• **Records supplied**
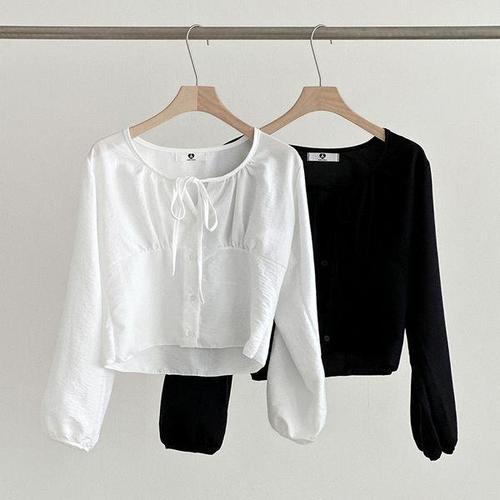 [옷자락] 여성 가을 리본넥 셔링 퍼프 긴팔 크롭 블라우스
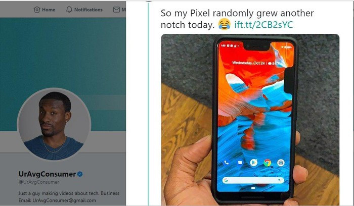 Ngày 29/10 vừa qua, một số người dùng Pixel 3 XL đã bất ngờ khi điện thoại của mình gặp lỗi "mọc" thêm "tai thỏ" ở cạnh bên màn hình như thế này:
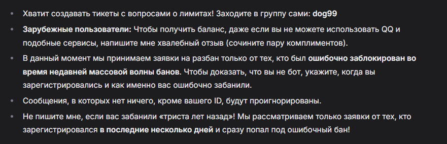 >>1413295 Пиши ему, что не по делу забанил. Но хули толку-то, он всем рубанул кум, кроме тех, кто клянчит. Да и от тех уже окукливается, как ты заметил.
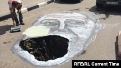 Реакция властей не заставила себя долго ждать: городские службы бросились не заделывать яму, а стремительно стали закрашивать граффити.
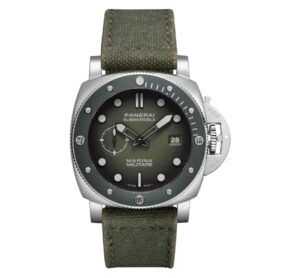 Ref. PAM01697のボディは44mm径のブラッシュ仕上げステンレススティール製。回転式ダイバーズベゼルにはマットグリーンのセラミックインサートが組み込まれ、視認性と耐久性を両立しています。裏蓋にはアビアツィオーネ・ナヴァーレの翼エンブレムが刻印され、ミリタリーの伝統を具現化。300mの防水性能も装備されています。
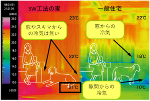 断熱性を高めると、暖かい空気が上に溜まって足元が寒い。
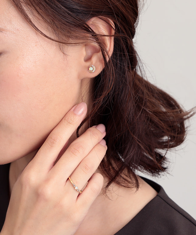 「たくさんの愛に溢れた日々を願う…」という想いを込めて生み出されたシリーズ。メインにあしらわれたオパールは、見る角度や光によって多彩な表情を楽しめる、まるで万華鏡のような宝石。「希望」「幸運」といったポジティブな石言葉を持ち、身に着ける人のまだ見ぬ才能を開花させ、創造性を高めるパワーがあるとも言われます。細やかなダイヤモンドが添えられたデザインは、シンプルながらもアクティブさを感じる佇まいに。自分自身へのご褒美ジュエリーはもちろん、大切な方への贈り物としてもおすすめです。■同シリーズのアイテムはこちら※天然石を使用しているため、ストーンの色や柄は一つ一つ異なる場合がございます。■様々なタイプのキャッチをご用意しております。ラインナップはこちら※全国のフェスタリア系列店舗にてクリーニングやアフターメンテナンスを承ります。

• **To do**
Reproduce the material above in full, exactly, with no images.

• **Reply**
 [옷자락] 여성 가을 리본넥 셔링 퍼프 긴팔 크롭 블라우스
 Ngày 29/10 vừa qua, một số người dùng Pixel 3 XL đã bất ngờ khi điện thoại của mình gặp lỗi "mọc" thêm "tai thỏ" ở cạnh bên màn hình như thế này:
 >>1413295 Пиши ему, что не по делу забанил. Но хули толку-то, он всем рубанул кум, кроме тех, кто клянчит. Да и от тех уже окукливается, как ты заметил.
 Реакция властей не заставила себя долго ждать: городские службы бросились не заделывать яму, а стремительно стали закрашивать граффити.
 Ref. PAM01697のボディは44mm径のブラッシュ仕上げステンレススティール製。回転式ダイバーズベゼルにはマットグリーンのセラミックインサートが組み込まれ、視認性と耐久性を両立しています。裏蓋にはアビアツィオーネ・ナヴァーレの翼エンブレムが刻印され、ミリタリーの伝統を具現化。300mの防水性能も装備されています。
 断熱性を高めると、暖かい空気が上に溜まって足元が寒い。
 「たくさんの愛に溢れた日々を願う…」という想いを込めて生み出されたシリーズ。メインにあしらわれたオパールは、見る角度や光によって多彩な表情を楽しめる、まるで万華鏡のような宝石。「希望」「幸運」といったポジティブな石言葉を持ち、身に着ける人のまだ見ぬ才能を開花させ、創造性を高めるパワーがあるとも言われます。細やかなダイヤモンドが添えられたデザインは、シンプルながらもアクティブさを感じる佇まいに。自分自身へのご褒美ジュエリーはもちろん、大切な方への贈り物としてもおすすめです。■同シリーズのアイテムはこちら※天然石を使用しているため、ストーンの色や柄は一つ一つ異なる場合がございます。■様々なタイプのキャッチをご用意しております。ラインナップはこちら※全国のフェスタリア系列店舗にてクリーニングやアフターメンテナンスを承ります。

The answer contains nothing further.